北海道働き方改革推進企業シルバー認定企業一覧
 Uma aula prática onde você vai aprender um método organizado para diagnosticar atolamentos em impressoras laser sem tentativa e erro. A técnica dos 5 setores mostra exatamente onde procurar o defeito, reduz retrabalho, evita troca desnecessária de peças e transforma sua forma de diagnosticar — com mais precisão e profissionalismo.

■ ■ ■ ■

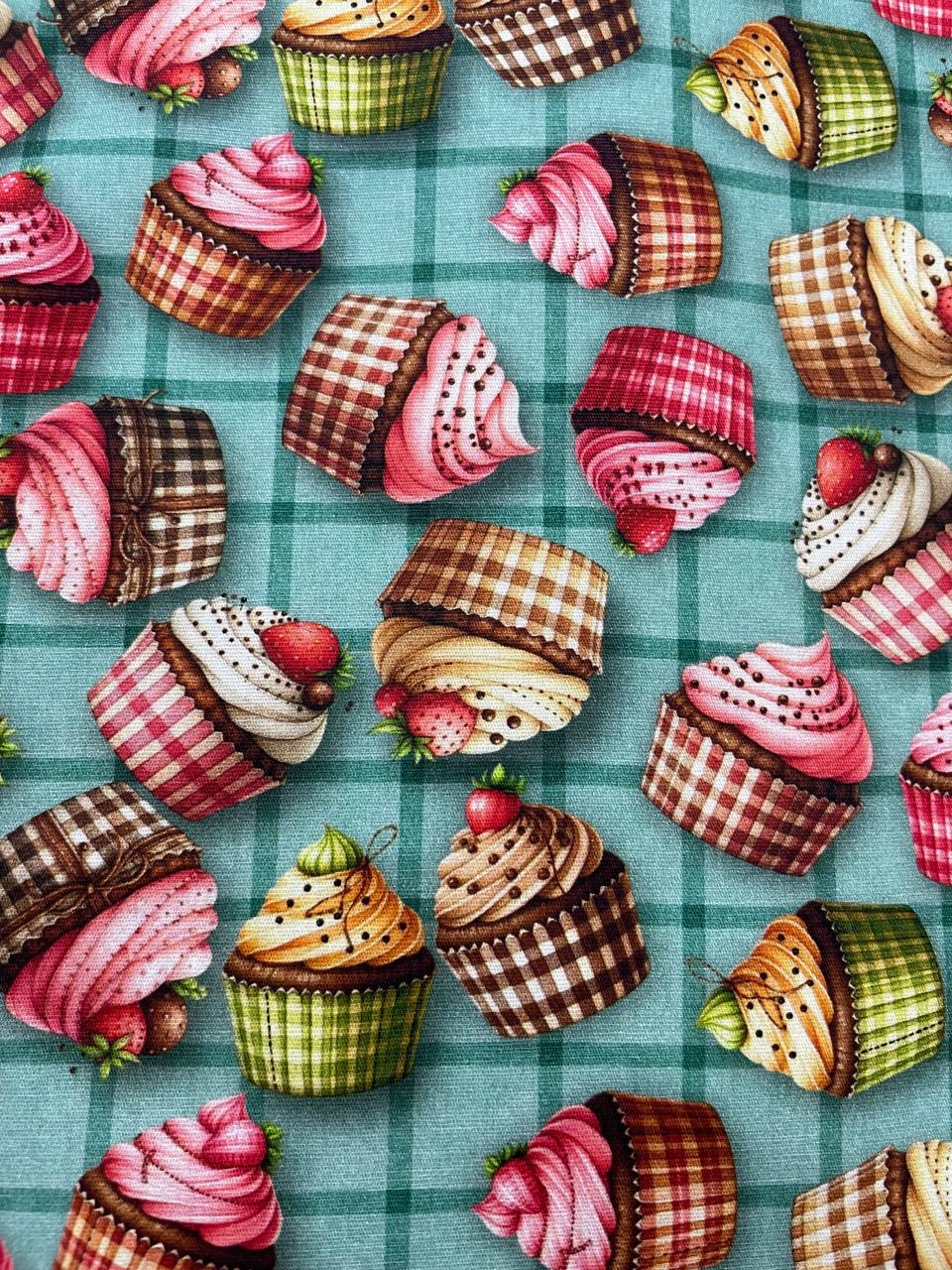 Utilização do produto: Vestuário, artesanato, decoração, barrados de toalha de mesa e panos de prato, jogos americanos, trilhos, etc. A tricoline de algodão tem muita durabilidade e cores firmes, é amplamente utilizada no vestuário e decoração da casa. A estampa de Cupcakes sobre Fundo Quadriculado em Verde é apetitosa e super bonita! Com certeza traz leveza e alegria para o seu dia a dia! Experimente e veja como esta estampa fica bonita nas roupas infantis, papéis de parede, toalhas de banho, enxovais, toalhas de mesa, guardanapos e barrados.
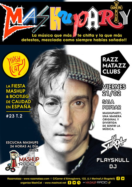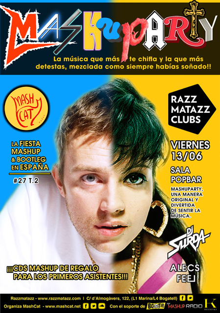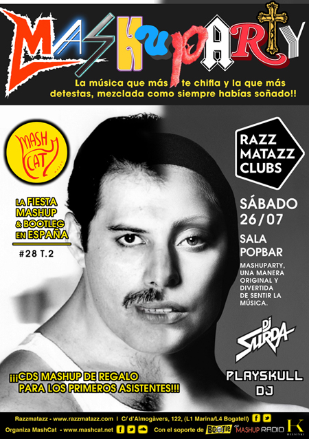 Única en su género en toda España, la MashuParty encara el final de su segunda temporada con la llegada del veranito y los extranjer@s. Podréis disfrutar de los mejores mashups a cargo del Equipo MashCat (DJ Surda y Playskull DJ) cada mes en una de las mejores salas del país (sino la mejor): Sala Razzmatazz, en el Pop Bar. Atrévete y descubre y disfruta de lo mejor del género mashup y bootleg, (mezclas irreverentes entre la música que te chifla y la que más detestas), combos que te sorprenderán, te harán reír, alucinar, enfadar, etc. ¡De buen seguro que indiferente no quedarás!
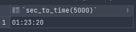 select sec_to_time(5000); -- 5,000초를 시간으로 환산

■ ■ ■ ■

> [WHAT THIS TASK INVOLVES] From the records above, quote only the lines running from the line with "北海道働き方改革推進企業シルバー認定企業一覧" to the line with "Uma aula prática", both lines included.

> [FINAL ANSWER]
北海道働き方改革推進企業シルバー認定企業一覧
 Uma aula prática onde você vai aprender um método organizado para diagnosticar atolamentos em impressoras laser sem tentativa e erro. A técnica dos 5 setores mostra exatamente onde procurar o defeito, reduz retrabalho, evita troca desnecessária de peças e transforma sua forma de diagnosticar — com mais precisão e profissionalismo.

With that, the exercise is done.